The reduction of this indicator also depends on another variable: the interest rate that corrects the indebtedness. In developed economies, with interest rates close to zero and negative real rates, gross debt fell from 117.9% to 114.9% of GDP from 2020 to 2021. And it is expected to fall again in 2022.

Among emerging countries, many with interest rates that began to rise in 2021 to control inflation, indebtedness rose from 56% to 56.3% of GDP in the same comparison and should continue to grow this year and next.

In developed countries, the inflationary effects on the US debt stand out, with a reduction of 5 points in GDP projected for 2022, in the United Kingdom (4.6 points) and Canada (4.1 points). These are countries that have debts and inflation above the median of the group of developed countries.

There are countries where inflation aid is being partially canceled because of the effect of currency devaluation on debt, such as Argentina, Angola, Nigeria and Turkey.

In Brazil, inflation and economic recovery helped to reduce the debt/GDP ratio from 88.6% in 2020 to 80.3% in 2021. These factors also generated the first surplus in public sector accounts since 2013. In 2022, in However, the expectation is that the debt will grow again, in the face of a scenario of stagnation of the economy and high real interest rates.

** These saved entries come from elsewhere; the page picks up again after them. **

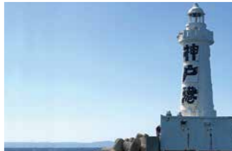
神戸港の入口には手書きで「神戸港」とインパクト大の白灯台がお出迎え！
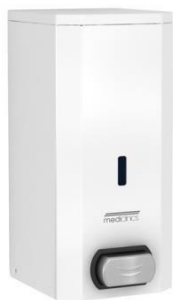
DJ0031 Weißes Epoxyd
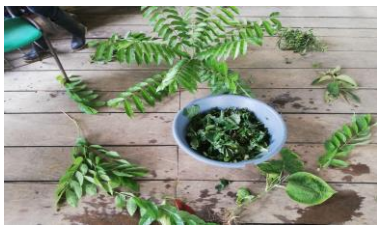
Ilustración 24 plantas sagrada curativa de las enfermedades foto tomado por Suruko Sinigui Pernia2022

Identificar las plantas medicinales utilizadas Nekua Gemenéen la comunidad embera de Chagejaro
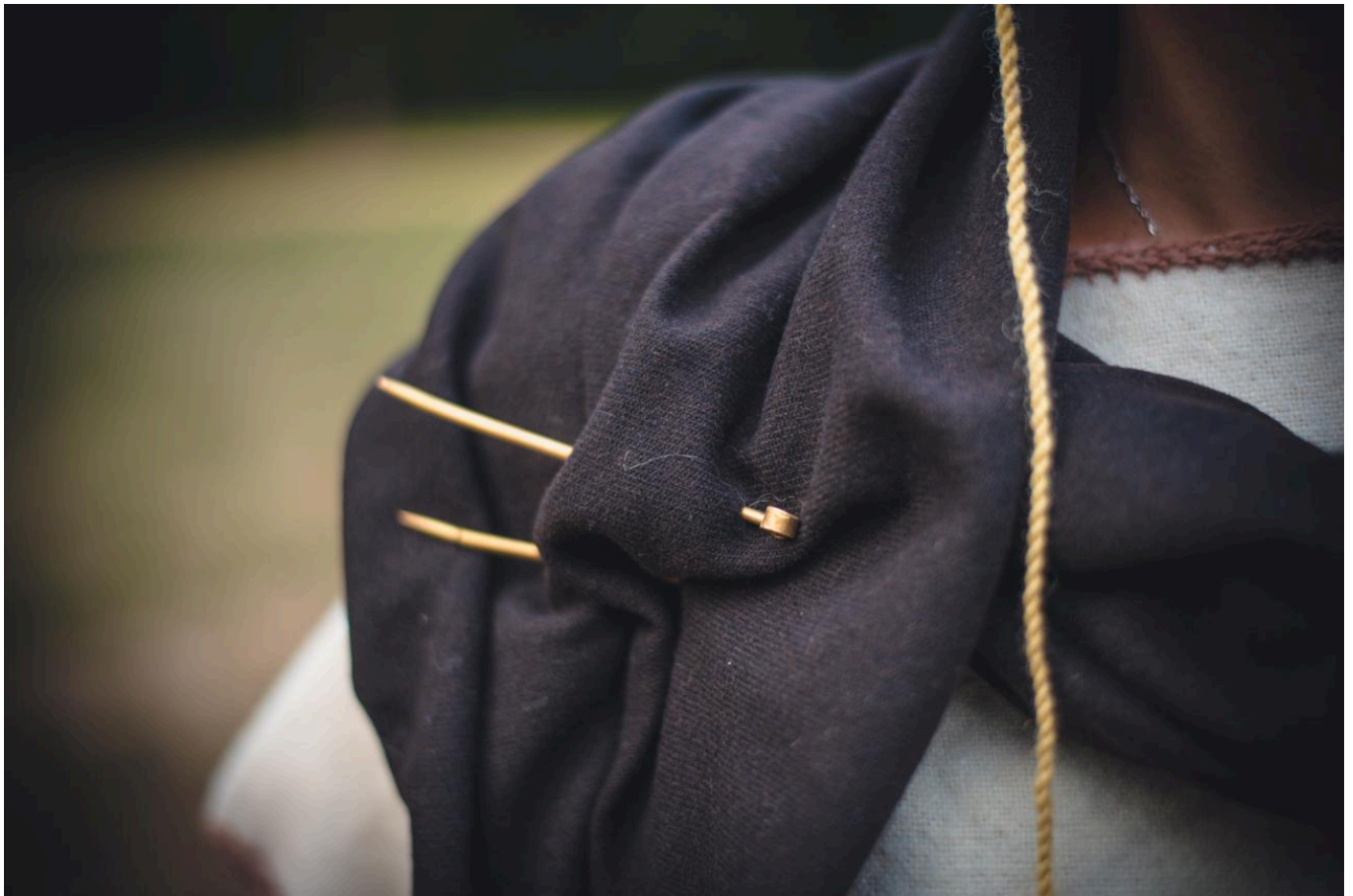
FIG 4. ILLUSTRATION FROM OBLÉKÁNÍ PRAVĚKU (DRESSING PREHISTORY) BY K. URBANOVÁ AND J. T. PULPÁ
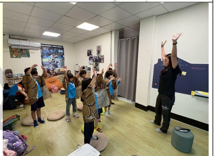
說明：伸伸小手學習穿山甲挖土的樣子
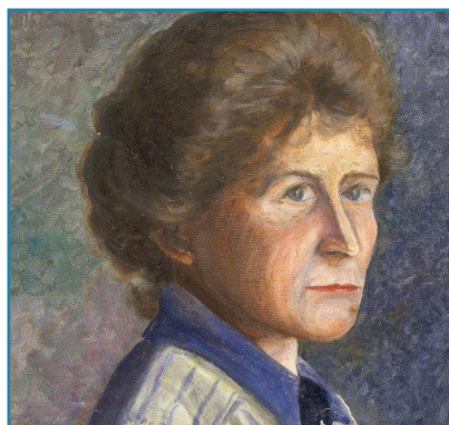
PORTRAIT DE MARIE LE GAC-SALONNE PEINT PAR SA FILLE, LOUISE-YVONNE SALONNE, EN 1922

Certains sujets défendus dans ses articles ont débouché sur des victoires pour la cause féministe, notamment la liberté pour les femmes de disposer de leur salaire, le congé de maternité, la recherche de paternité et, plus tard, la nomination des femmes au gouvernement. Elle décède en 1974 à Saint-Cast (Côtes d'Armor).
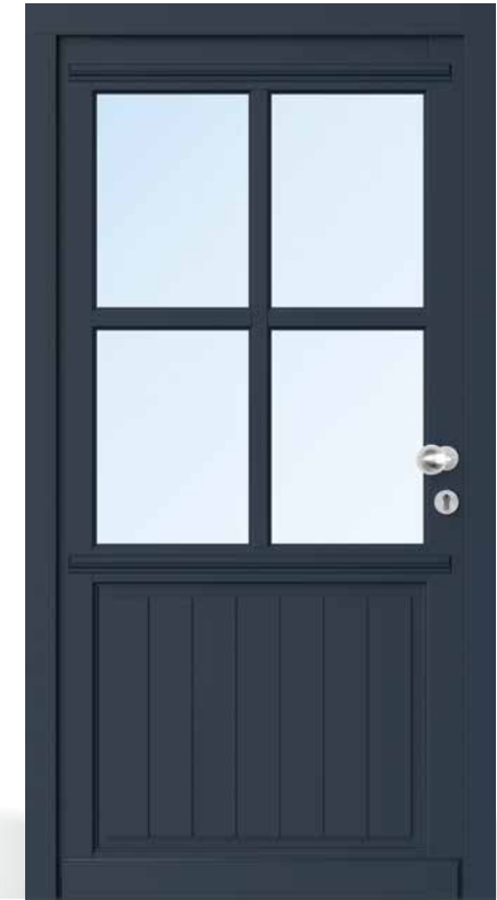
AH 94419 • Rahmenkonstruktion • Holzart Kiefer • Stahlblau RAL 5011 • Karniesprofil am Flügel • Aufbauprofil 40 mm oben • eine waagerechte glasteilende Sprosse 98 mm • oben Glasfeld mit 54 mm glasteilendem Sprossenkreuz • unten Brüstungsplatte als Einsatzfüllung • außen senkrecht genutet • zwei Zierprofile außen • mit Holzwetterschenkel • S2150 Edelstahl-Knauf
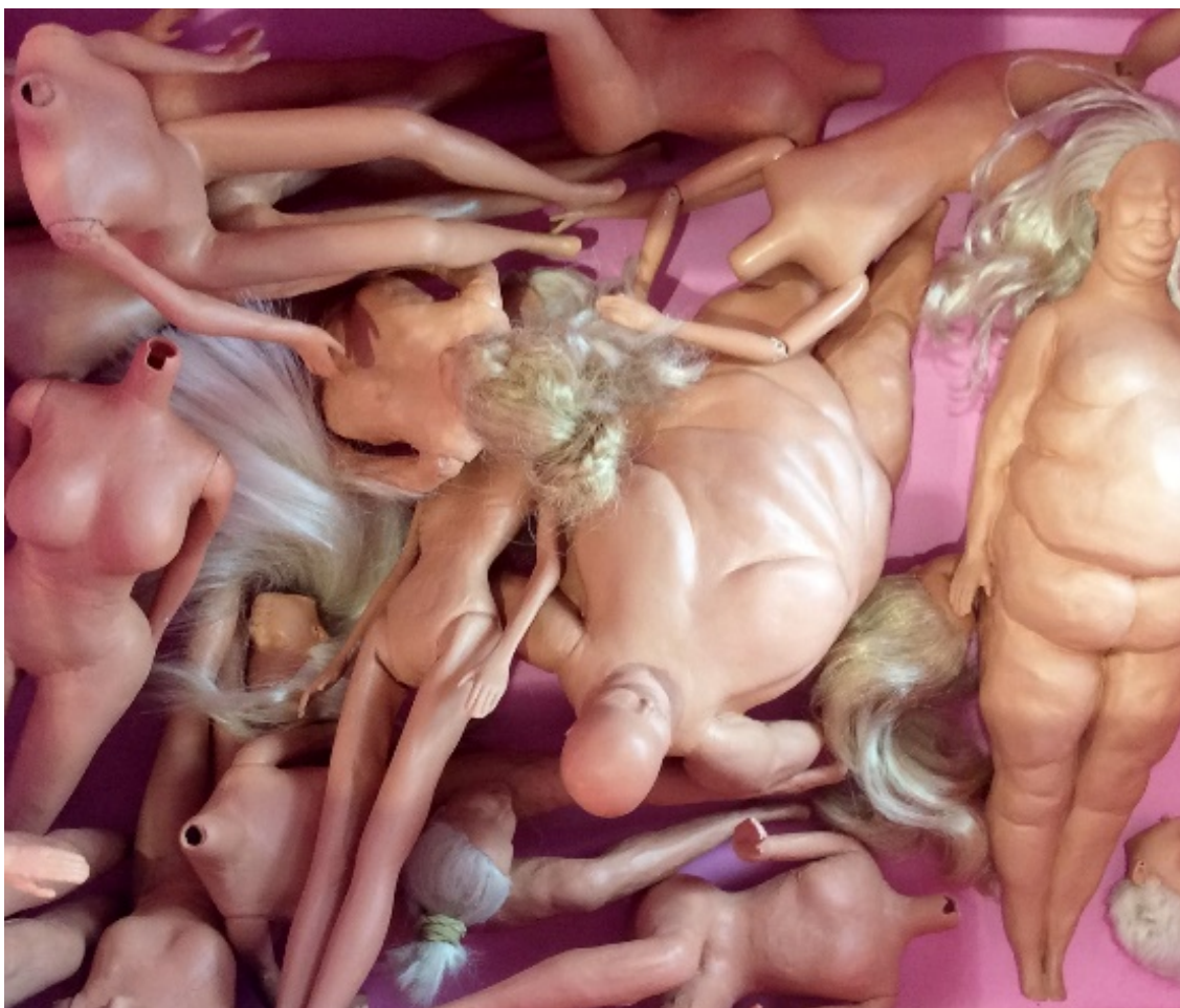
Kuva 5. Valmiita nukkeja vaaleanpunaisessa ympäristössä

Tekoihon värin käyttö on minulle suhteellisen uutta. Ennen suorastaan vihasin väriä. Jostain syystä aloin käyttämään kumminkin tuota minulle ahdistavaa väriä, ja nyt se on jäänyt minun teoksiini.

According to the IFI (Independent Fiscal Institution), a Senate body that monitors public accounts, collection will grow less, in line with a slowing inflation to 5.5% by the end of the year. Expenses will be largely linked to the double-digit advance in prices last year, when the IPCA was 10.06%.

“The IFI has been warning of the unsustainability of fiscal adjustments based on inflation since mid-2021. Let’s keep in mind that gross debt, after ending 2021 at 80.3% of GDP, is expected to grow in this and the coming years. , for example, has already grown by 1 percentage point of GDP throughout 2021 and interest rates on new Treasury issues are advancing month by month,” the institution said in its February monthly report.

Fitch also warns that, although rising prices have a short-term beneficial effect on debt, they tend to negatively impact the indicator over time. As central banks decide to react to rising prices and investors demand higher returns in real terms, nominal interest rates rise and GDP slows.

“Central banks may find it necessary to aggressively raise interest rates, resulting in higher real rates and possibly pushing the economy into recession,” say agency analysts James McCormack and Ed Parker.

Fitch says future debt relief will increasingly depend on fiscal adjustments to improve primary outcomes. It also says that favorable conditions for GDP growth above interest rates have proved not to be sufficient in the recent past.

About two-thirds of the countries analyzed had growth rates above interest rates in the last two decades, but government debt still increased.

In 2023, when the debt level should remain stable, according to Fitch, the only debt reduction factor that will advance in relation to 2022 will be the improvement in the primary result.